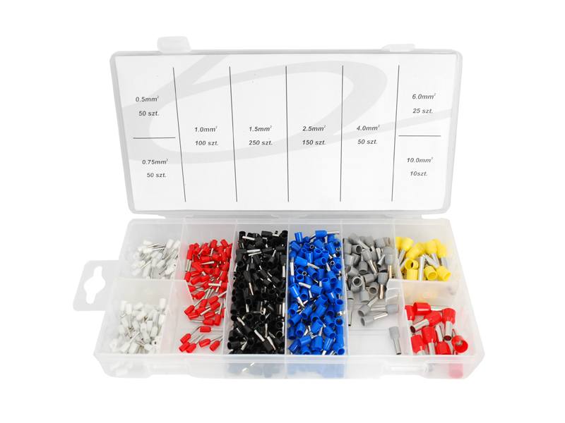 Zestaw tulejek do kabli elektr.685szt.Zestaw miedzianych końcówek i konektorów kablowych - 685 sztuk. Końcówki kablowe służą do łączenia kabli z urządzeniami elektrycznymi, innymi kablami, powierzchniami, itp.W skład zestawu wchodzi :50 sztuk końcówek do kabli 0,5 mm250 sztuk końcówek do kabli 0,75 mm2100 sztuk końcówek do kabli 1,0 mm2250 sztuk końcówek do kabli 1,5 mm2150 sztuk końcówek do kabli 2,5 mm250 sztuk końcówek do kabli 4,0 mm225 sztuk końcówek do kabli 6,0 mm210 sztuk końcówek do kabli 10,0 mm2
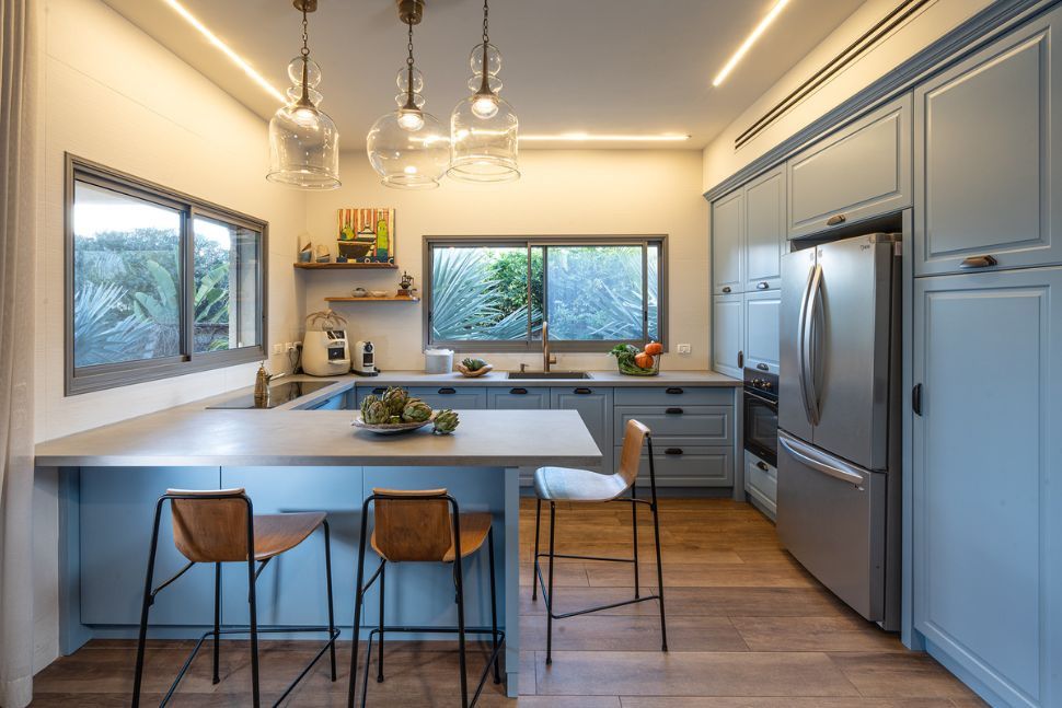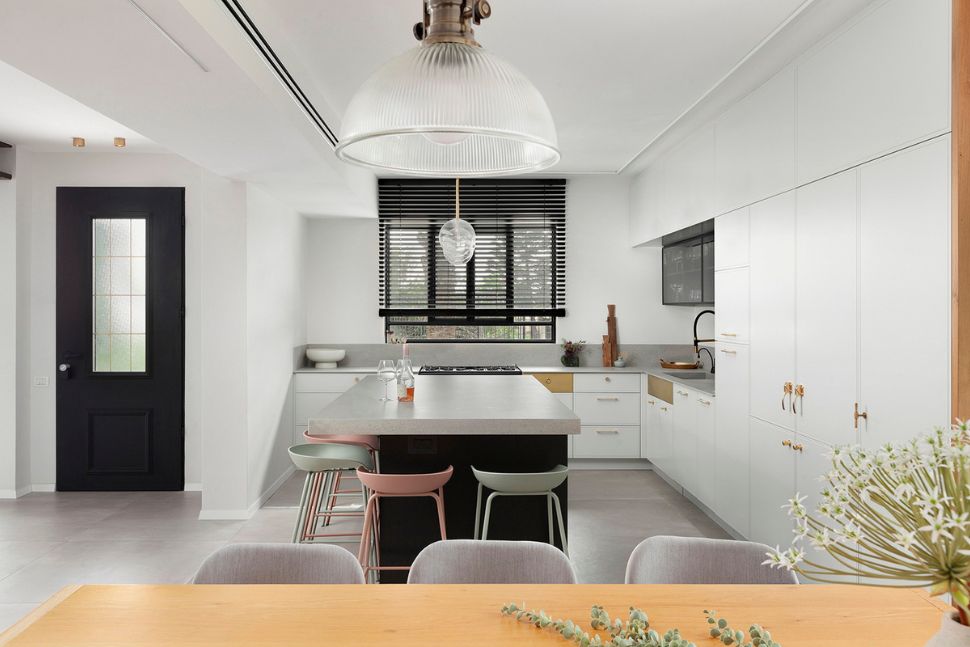 בעיצוב המטבח הזה בולט גובה התקרה, מה שלא מפריע לכך שהוא נראה מטבח בו מבשלים ואופים. שטחו מוגדר באמצעות אי שמחובר לקיר ובו כיריים גז והוא משמש בעיקר כמשטח עבודה. מעליו אלמנט עיצובי תלוי שלקראת הצילום נעשה בו סטיילינג עם כלי קרמיקה קטנים, אבל בדרך כלל הוא יכול לשמש כמקום אחסון לכלי בישול שונים.
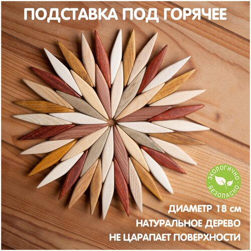 Подставка под горячее деревянная из 5 пород дерева, подставка под кружку для горячего, тарелок, 18 см
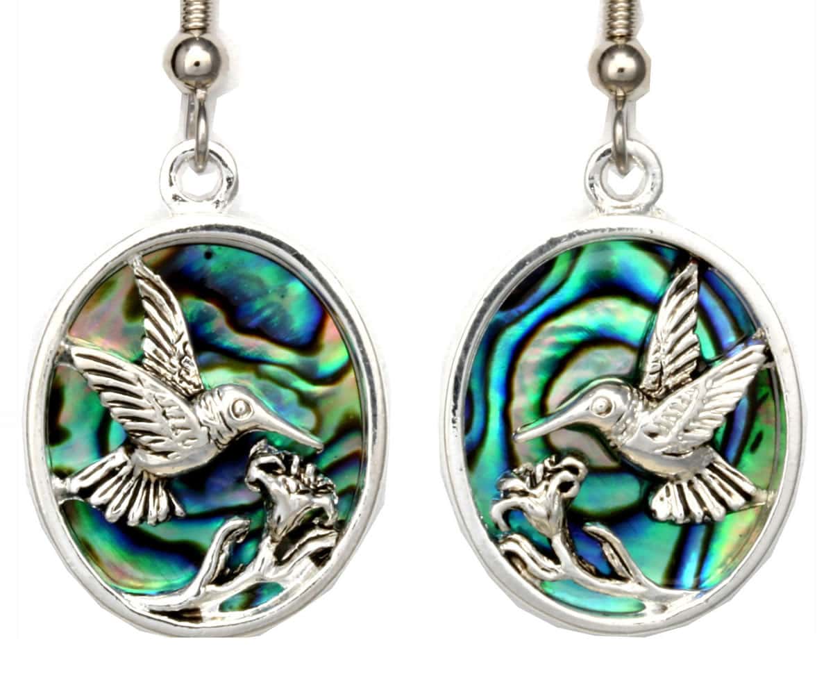Unique abalone inlay silver-plated hummingbird earrings are antique silver plated with colorful abalone shell background. If you are looking for pretty and fun-to-wear jewelry these abalone earrings are a perfect choice.
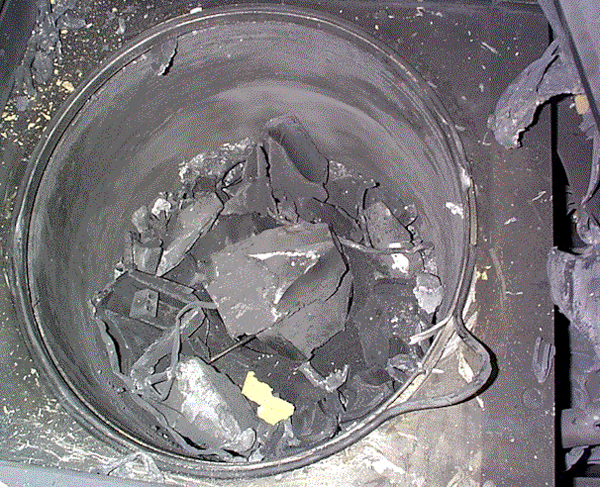 隨后的爆炸徹底摧毀離心機(圖1)在單位安全防護沒有包含所有的金屬碎片。半英寸的扣允許片段,包括鋼轉子頂部單元的頂部厚推拉塑鋼門,逃生(圖3)。片段毀了附近的冰箱,除了使在墻壁和天花板孔超低溫冰箱冷凍。該單位本身側身走,破壞包含百余容器的化學品(圖4)柜和貨架。幸運的是,推拉柜門掉落到地板上,打破防止容器。從事故的沖擊波震碎房間中的所有四個窗口。沖擊波還破壞了控制系統的孵化器和震撼的內墻導致擱置在墻上崩潰(圖5)。幸運的是,房間里當時沒有占*,沒有人員受傷。
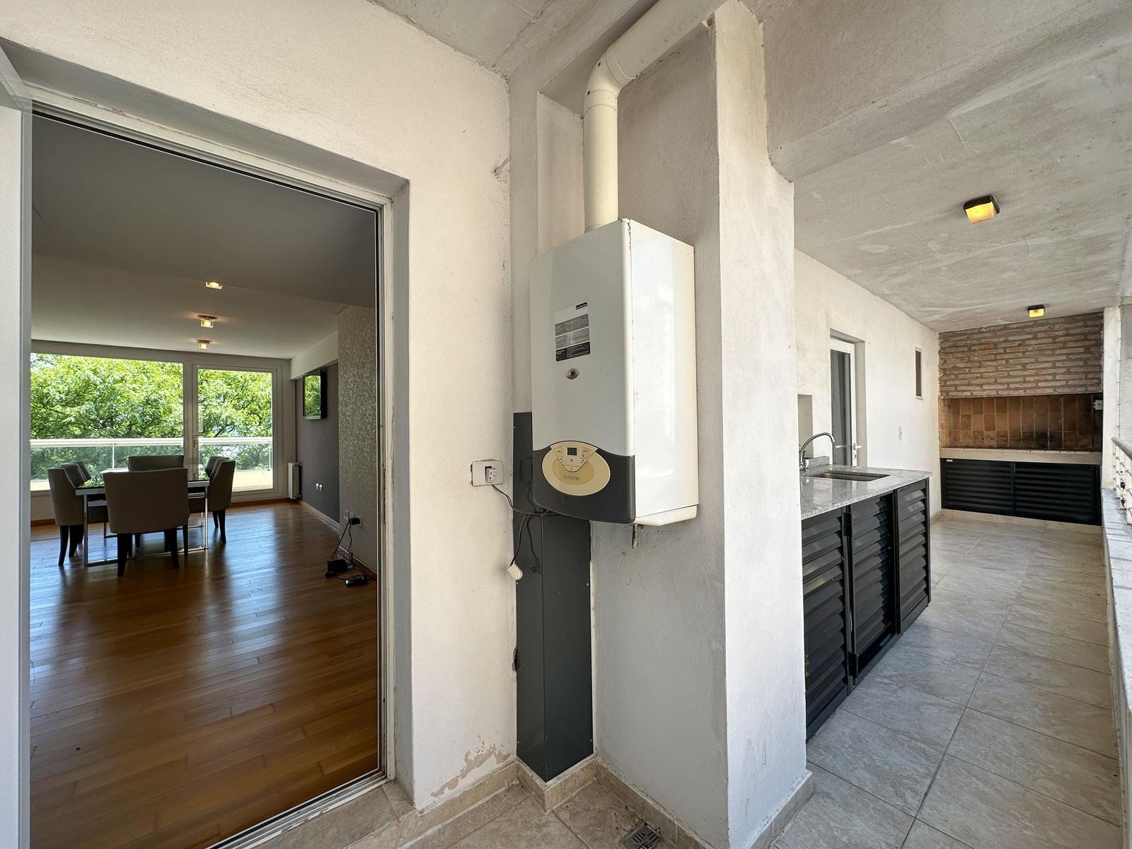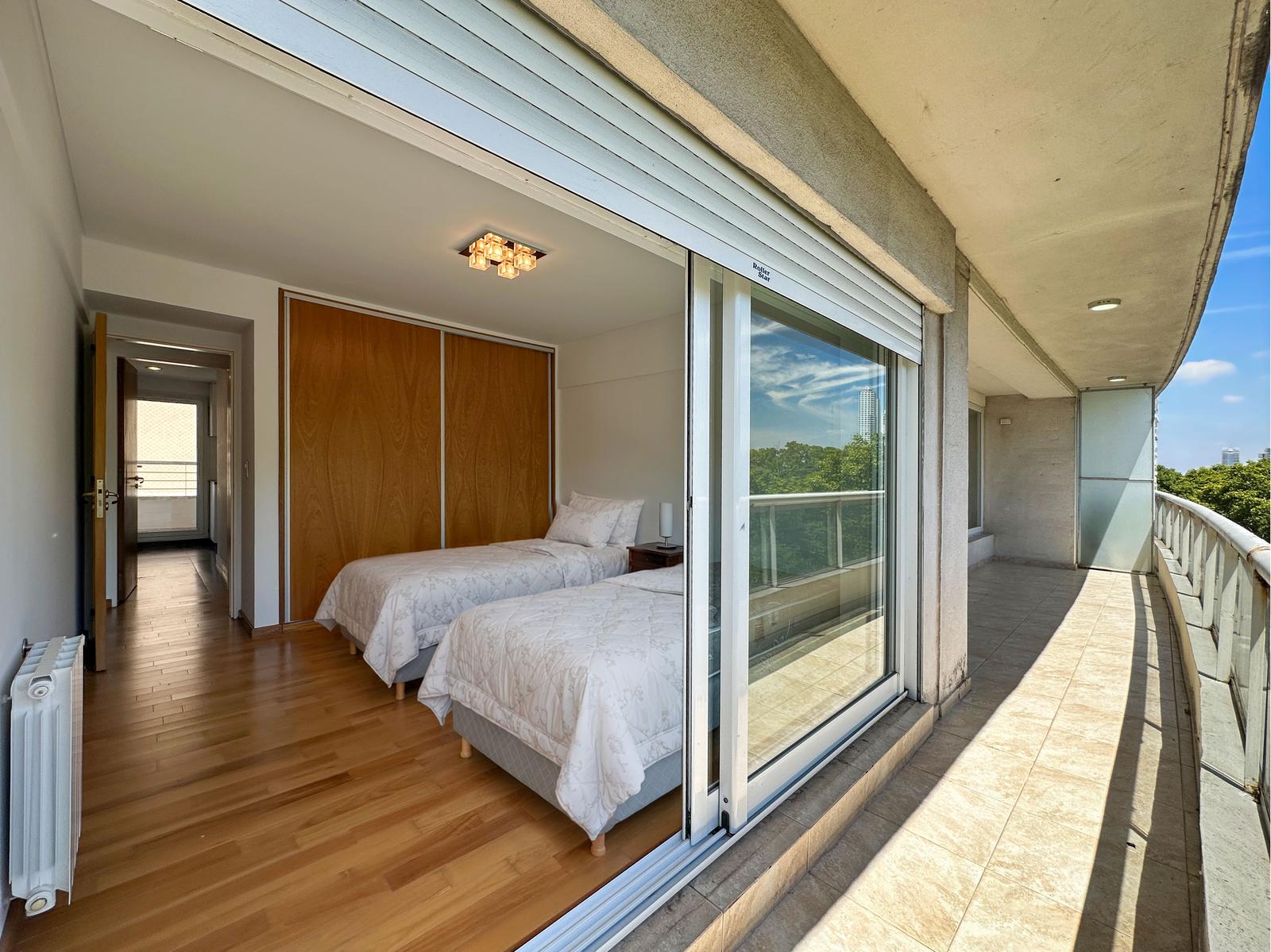 En la primera línea de la ciudad, frente al parque y el río, a 1 cuadra de Bv. Oroño y Pichincha. La zona más buscada de vivienda de Rosario. Departamento premium con vista parcial al río, amenities de pileta y quincho. Cochera incluida. Distribución de planta perfecta con un mega living, seguido de balcón aterrazado al frente Norte, cocina semi separada con lavadero sectorizado y balcón al contra frente con parrillero exclusiva, espacio para mesada y lugar de guardado, baño secundario completo, 2 dormitorios, uno en suite con ante baño, doble circulación y ventilación cruzada de algunos ambientes. Calidad de terminación premium con pisos de madera de ingeniería, aberturas de aluminio de alta gama, cortinas de enrollar eléctricas, cielorrasos con yeso tradicional, placares con interiores en dormitorios, puerta blindada, caldera y radiadores más pre instalación para equipos de aire acondicionado. Cocina con equipamiento completo, muebles en melamina blanca con bajo mesada, alacena, bacha de acero inoxidable, cocina a gas instalada, mesada de granito, espacio para heladera y microondas. Baños con pisos de porcelanato y revestimiento acorde, extractores colocados, bañera con mampara de vidrio, mesada de mármol con bacha blanca, artefactos de loza sanitaria y griferías de primeras marcas, baño principal con ventilación natural. La unidad parece a estrenar con su pintura impecable y sus pisos sin detalles. • Observación: Cochera por monta coches. Se vende amoblado (Mesa living, mesas ratonas, sommier individuales y mesa de luz, televisor) • Ubicación: En la primera línea de la ciudad, frente al parque y el río, a 1 cuadra de Bv. Oroño y Pichincha. La zona más buscada de vivienda de Rosario. • Proyecto: Edificio emplazado en esquina con 2 ascensores, control de acceso, cámaras de seguridad, 4 niveles de cocheras por monta coches. Azotea común con gran quincho, deck con solárium y pileta con vista al río. Son 13 pisos residencial de categoría con un gran palier de entrada. Si querés saber el valor de tu propiedad, contactate con nosotros y tasamos tu propiedad en 48hs.
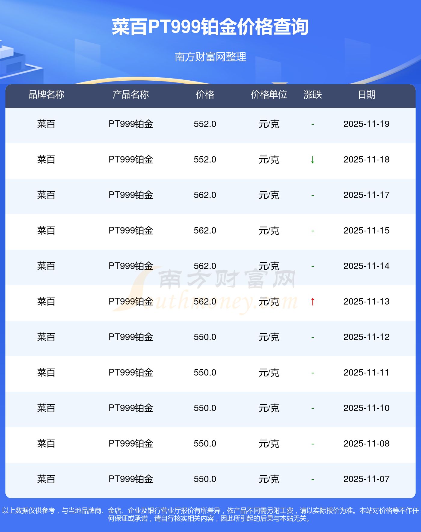 今日(2025年11月19日),菜百PT999铂金价格:552.0元/克。
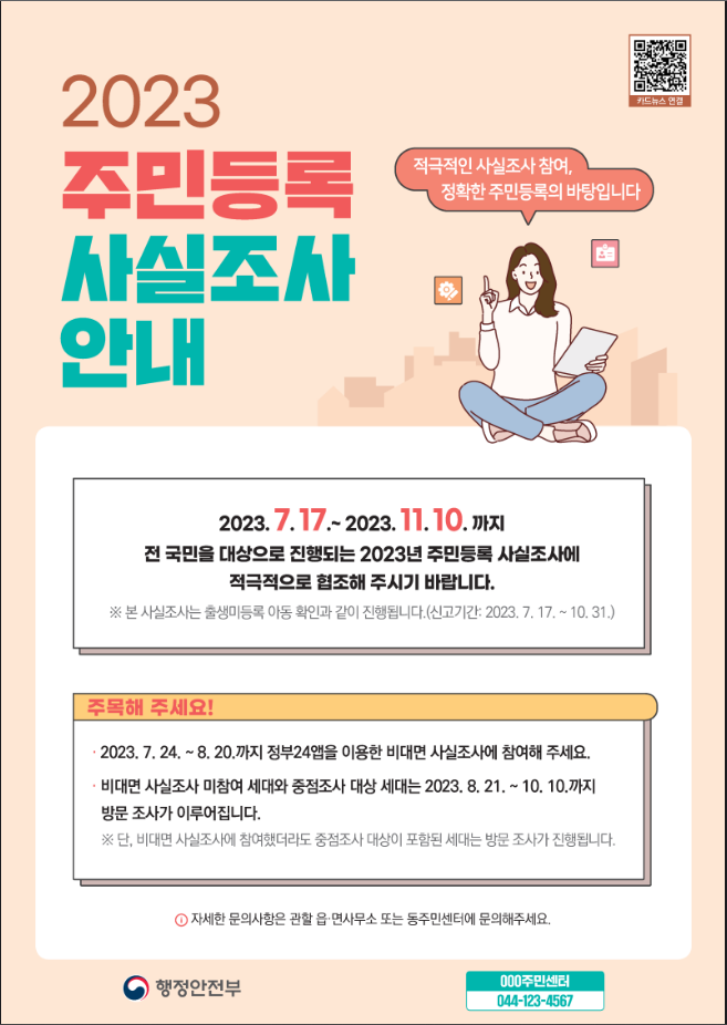 2023 주민등록 사실 조사에 대해서 알아보도록 하겠습니다. 전체 일정은 2023년 7월 17일부터 11월 10일까지이고

════════

- Work to be completed -
With pictures excluded, the material is to be written out exactly as given.

- Reply to the task -
 Zestaw tulejek do kabli elektr.685szt.Zestaw miedzianych końcówek i konektorów kablowych - 685 sztuk. Końcówki kablowe służą do łączenia kabli z urządzeniami elektrycznymi, innymi kablami, powierzchniami, itp.W skład zestawu wchodzi :50 sztuk końcówek do kabli 0,5 mm250 sztuk końcówek do kabli 0,75 mm2100 sztuk końcówek do kabli 1,0 mm2250 sztuk końcówek do kabli 1,5 mm2150 sztuk końcówek do kabli 2,5 mm250 sztuk końcówek do kabli 4,0 mm225 sztuk końcówek do kabli 6,0 mm210 sztuk końcówek do kabli 10,0 mm2
 בעיצוב המטבח הזה בולט גובה התקרה, מה שלא מפריע לכך שהוא נראה מטבח בו מבשלים ואופים. שטחו מוגדר באמצעות אי שמחובר לקיר ובו כיריים גז והוא משמש בעיקר כמשטח עבודה. מעליו אלמנט עיצובי תלוי שלקראת הצילום נעשה בו סטיילינג עם כלי קרמיקה קטנים, אבל בדרך כלל הוא יכול לשמש כמקום אחסון לכלי בישול שונים.
 Подставка под горячее деревянная из 5 пород дерева, подставка под кружку для горячего, тарелок, 18 см
Unique abalone inlay silver-plated hummingbird earrings are antique silver plated with colorful abalone shell background. If you are looking for pretty and fun-to-wear jewelry these abalone earrings are a perfect choice.
 隨后的爆炸徹底摧毀離心機(圖1)在單位安全防護沒有包含所有的金屬碎片。半英寸的扣允許片段,包括鋼轉子頂部單元的頂部厚推拉塑鋼門,逃生(圖3)。片段毀了附近的冰箱,除了使在墻壁和天花板孔超低溫冰箱冷凍。該單位本身側身走,破壞包含百余容器的化學品(圖4)柜和貨架。幸運的是,推拉柜門掉落到地板上,打破防止容器。從事故的沖擊波震碎房間中的所有四個窗口。沖擊波還破壞了控制系統的孵化器和震撼的內墻導致擱置在墻上崩潰(圖5)。幸運的是,房間里當時沒有占*,沒有人員受傷。
 En la primera línea de la ciudad, frente al parque y el río, a 1 cuadra de Bv. Oroño y Pichincha. La zona más buscada de vivienda de Rosario. Departamento premium con vista parcial al río, amenities de pileta y quincho. Cochera incluida. Distribución de planta perfecta con un mega living, seguido de balcón aterrazado al frente Norte, cocina semi separada con lavadero sectorizado y balcón al contra frente con parrillero exclusiva, espacio para mesada y lugar de guardado, baño secundario completo, 2 dormitorios, uno en suite con ante baño, doble circulación y ventilación cruzada de algunos ambientes. Calidad de terminación premium con pisos de madera de ingeniería, aberturas de aluminio de alta gama, cortinas de enrollar eléctricas, cielorrasos con yeso tradicional, placares con interiores en dormitorios, puerta blindada, caldera y radiadores más pre instalación para equipos de aire acondicionado. Cocina con equipamiento completo, muebles en melamina blanca con bajo mesada, alacena, bacha de acero inoxidable, cocina a gas instalada, mesada de granito, espacio para heladera y microondas. Baños con pisos de porcelanato y revestimiento acorde, extractores colocados, bañera con mampara de vidrio, mesada de mármol con bacha blanca, artefactos de loza sanitaria y griferías de primeras marcas, baño principal con ventilación natural. La unidad parece a estrenar con su pintura impecable y sus pisos sin detalles. • Observación: Cochera por monta coches. Se vende amoblado (Mesa living, mesas ratonas, sommier individuales y mesa de luz, televisor) • Ubicación: En la primera línea de la ciudad, frente al parque y el río, a 1 cuadra de Bv. Oroño y Pichincha. La zona más buscada de vivienda de Rosario. • Proyecto: Edificio emplazado en esquina con 2 ascensores, control de acceso, cámaras de seguridad, 4 niveles de cocheras por monta coches. Azotea común con gran quincho, deck con solárium y pileta con vista al río. Son 13 pisos residencial de categoría con un gran palier de entrada. Si querés saber el valor de tu propiedad, contactate con nosotros y tasamos tu propiedad en 48hs.
 今日(2025年11月19日),菜百PT999铂金价格:552.0元/克。
 2023 주민등록 사실 조사에 대해서 알아보도록 하겠습니다. 전체 일정은 2023년 7월 17일부터 11월 10일까지이고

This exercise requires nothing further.